The association of titanium implants with cultured bone tissue could contribute to the treatment of complex affections. The aim of this study was to obtain tissue formation from human haematopoietic stem cell (hHSC) and to evaluate the growth in titanium implants, with different surfaces and sizes in order to determine the best results. The hHSC was obtained from blood and cultured for 29 days in 24-well tissue culture plates containing Dulbecco's modified essential medium (Gibco®) and titanium implants of 3 and 7mm with smooth and rough surfaces. Negative controls were included.

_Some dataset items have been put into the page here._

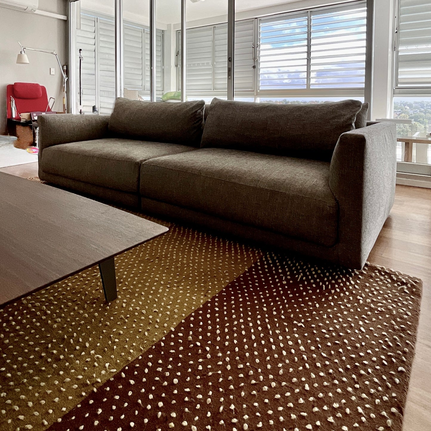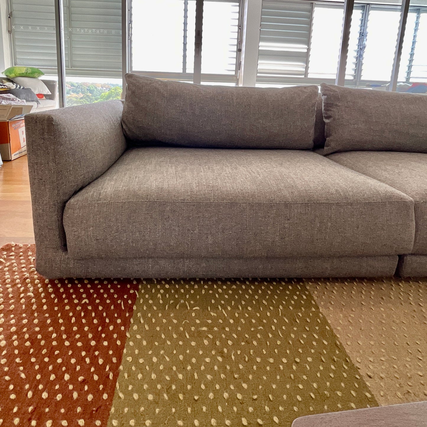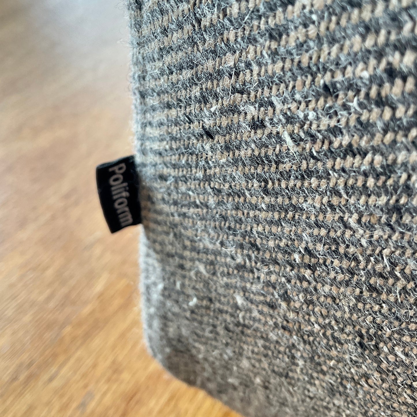 The Bristol sofa features broad, soft and comfortable shapes, with a wrap-around double backrest cushion, complemented against the thin armrests. Designed by Jean-Marie Massaud for Poliform, is versatile enough to allow for highly original living combinations and layouts. The sofa we have on offer is in two pieces; Left arm facing and right arm facing. The sofa is upholstered in a wool fabric.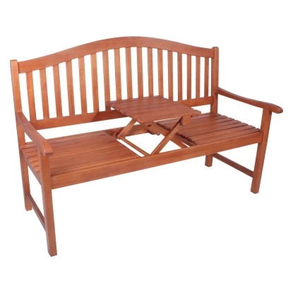 Die Bank Phuket ist aus FSC-zertifiziertem Eukalyptusholz gefertigt und verfügt über einen hochklappbaren Tisch in der Sitzfläche, der bei Bedarf aufgerichtet werden kann. So können Sie es sich auf dieser Bank bequem machen und den Tisch als Abstellfläche nutzen. Wird der Tisch einmal nicht benötigt, kann er heruntergeklappt werden, sodass bis zu 3 Personen Platz auf der Bank finden.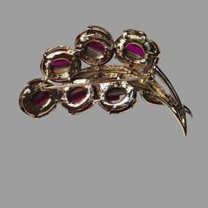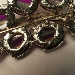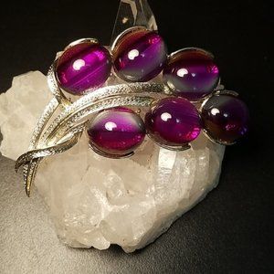 Fabulous vintage Coro brooch in silver tone metal set with amazing purple art glass cabochons. Each translucent stone has a stripe of white on one side with gold and red highlights on the other. The colors shift and change as you move the brooch. The brooch measures 3 by 11/2" and is signed with the Coro Pegasus mark.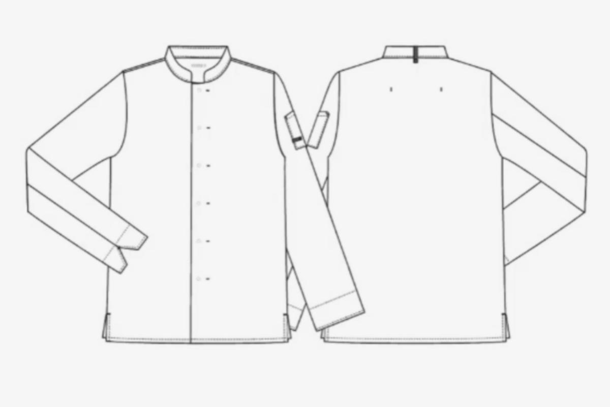 Meny kokkejakke med optimert unisex passfom - A snitt. Kokkejakke med lange ermer, skjulte trykknapper, pennelomme på venstre erme, nakkestropp til smekkforkle og splitt i siden.

Were evaluated: cell adhesion after 4 hours of inoculation and again at day 28 (D28): growth curve at day 1 (D1) and day 28 (D28): activity of alkaline phosphatase and total protein from culture supernatant (4 hours, D4, D6, D9, D12, D16, D22, D28). Were applied descriptive statistics to the data. It was concluded that the size of implant (3 or 7mm) did not interfere with development of the culture. Rough surface implants showed increased growth and cell adhesion, greater alkaline phosphatase and total proteins activity, indicating favorable effect to the formation of bone tissue in-vitro.